#### What to work on:
Pull out every line from the line containing "Рукоять изготовлена из" through the end of the material, both ends included, and reproduce it exactly. Keep pictures out.

### Given material

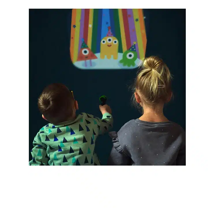 Zaklamp die verhalen toont op de muur
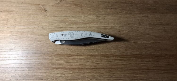Рукоять изготовлена из стеклотекстолита G10 — прочного и устойчивого к влаге материала. Этот композит не боится ударов, перепадов температуры и агрессивной среды, сохраняя удобный хват даже во влажных условиях. Форма рукояти слегка изогнута, что улучшает удержание, а карманная клипса позволяет удобно носить нож в кармане или на ремне.
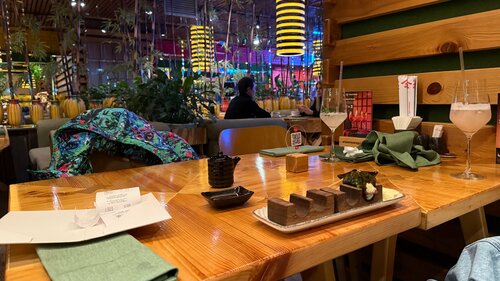 Родители устраивали небольшой банкет на 12 человек. Забронировали за несколько дней. При входе никто не встретил, не проводил, пришлось самим искать место. Еда сомнительной подачи и качества, курица не очень похожа на курицу, баранина не очень похожа на баранину. Цены как в неплохом ресторане в центре с отличным обслуживанием и подачей. Обслуживание на уровне ниже нуля, за которое в счет включено 10%, видимо по этому персонал забивает на качество обслуживания. Когда даже два человека заказывали блюда, то официант принося их кричал через весь стол, что принес блюда и спрашивал кому нести, перебивая при этом разговоры. Пытались пару раз угадать кому принесли блюдо и не угадывали, в итоге приходилось самим быть официантами. Стол был на улице, когда пришли уже какое-то время стояли мясные закуски в тепле, на улице около 25 градусов тепла, гостей еще не было. Стаканы под напитки пахли затхлостью. Вишенкой на торте оказался саксофонист не попадающий в ритм авто-аккомпанемента, которого пришлось слушать оставшийся вечера от уровня игры которого заболела голова. Писать можно много, но мне совсем непонятно откуда такие высокие оценки при таких ценах и отсутствующем обслуживании. Дата посещения: 08.06 в 18:30.

######

#### Exercise output:
Рукоять изготовлена из стеклотекстолита G10 — прочного и устойчивого к влаге материала. Этот композит не боится ударов, перепадов температуры и агрессивной среды, сохраняя удобный хват даже во влажных условиях. Форма рукояти слегка изогнута, что улучшает удержание, а карманная клипса позволяет удобно носить нож в кармане или на ремне.
 Родители устраивали небольшой банкет на 12 человек. Забронировали за несколько дней. При входе никто не встретил, не проводил, пришлось самим искать место. Еда сомнительной подачи и качества, курица не очень похожа на курицу, баранина не очень похожа на баранину. Цены как в неплохом ресторане в центре с отличным обслуживанием и подачей. Обслуживание на уровне ниже нуля, за которое в счет включено 10%, видимо по этому персонал забивает на качество обслуживания. Когда даже два человека заказывали блюда, то официант принося их кричал через весь стол, что принес блюда и спрашивал кому нести, перебивая при этом разговоры. Пытались пару раз угадать кому принесли блюдо и не угадывали, в итоге приходилось самим быть официантами. Стол был на улице, когда пришли уже какое-то время стояли мясные закуски в тепле, на улице около 25 градусов тепла, гостей еще не было. Стаканы под напитки пахли затхлостью. Вишенкой на торте оказался саксофонист не попадающий в ритм авто-аккомпанемента, которого пришлось слушать оставшийся вечера от уровня игры которого заболела голова. Писать можно много, но мне совсем непонятно откуда такие высокие оценки при таких ценах и отсутствующем обслуживании. Дата посещения: 08.06 в 18:30.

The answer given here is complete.